AI Coding Leaderboard
DEPRECATED: Aider Polyglot is multi-lingual compared to SWE-bench verified and that does not require me to make use of my own aggregated leaderboard. I will still try my best to maintain this post, but just letting you know I suggest using Aider Polyglot going forward for which model to use for pair programming.
- Aider polyglot: Based on the 225 most difficult Exercism coding problems in the following languages: C++, Go, Java, JavaScript, Python and Rust. See Aider polyglot coding leaderboard. The problem I see is that models can just train on the solutions and game this leaderboard versus LiveCodeBench which is free of contaminations.
- SWE-bench verified (August 13, 2024).

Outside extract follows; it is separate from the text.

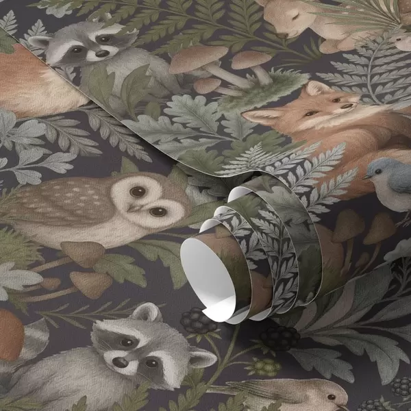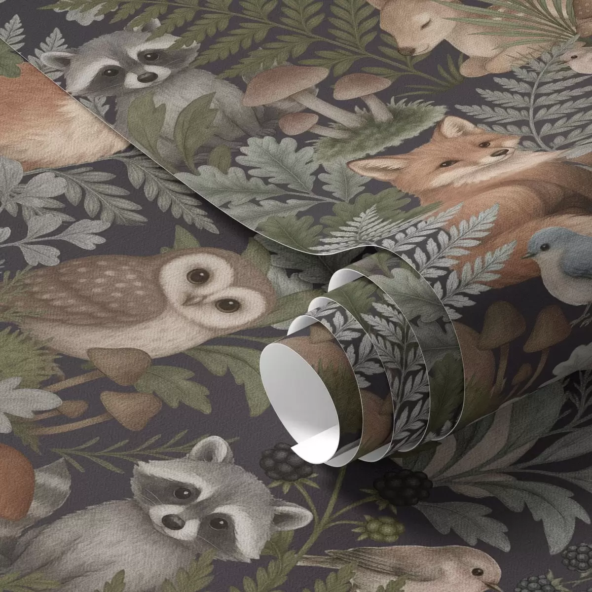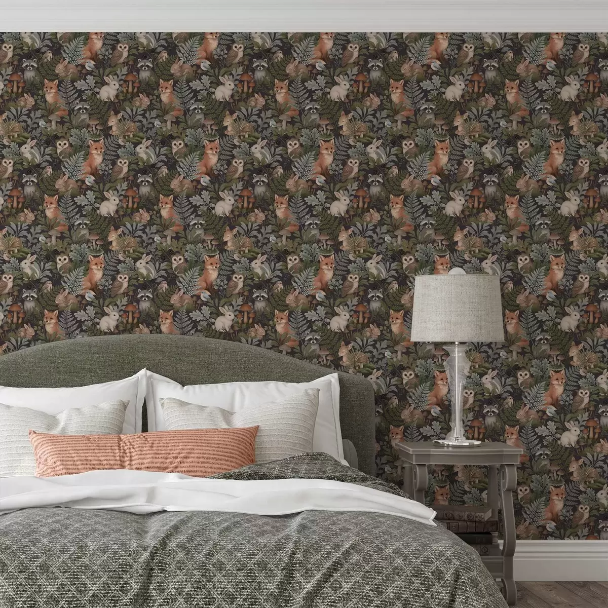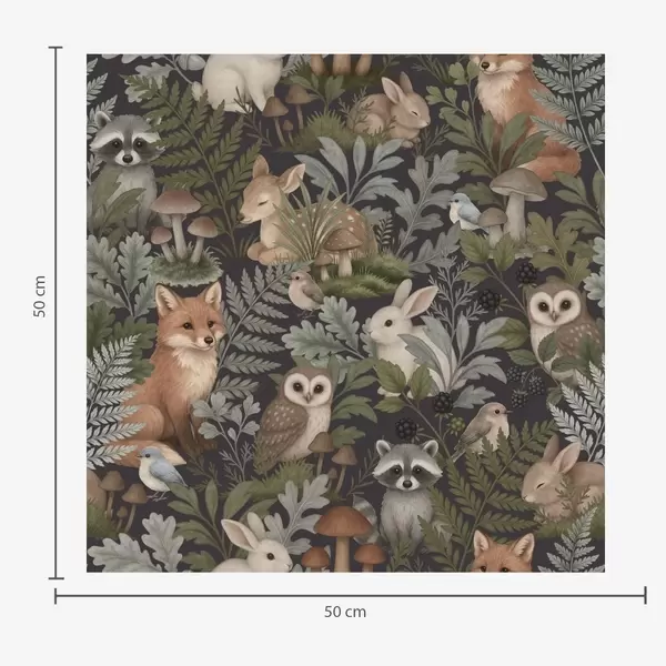 Tapet Animale din pădure și ferigi pe cărbune intens Nr. a00880
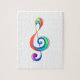 Tecla musical extraída de capas multicolores de colores arcoiris sobre fondo blanco.

A subset of 500 Python-exclusive tasks from the full 2000 which have been verified by humans as solvable. This is the defacto way to evaluate AI models as almost almost all models will report their scores for this benchmark. The unofficial leaderboard includes SWE copilot tool. The problem is that it doesn’t include self-reported results unlike my leaderboard.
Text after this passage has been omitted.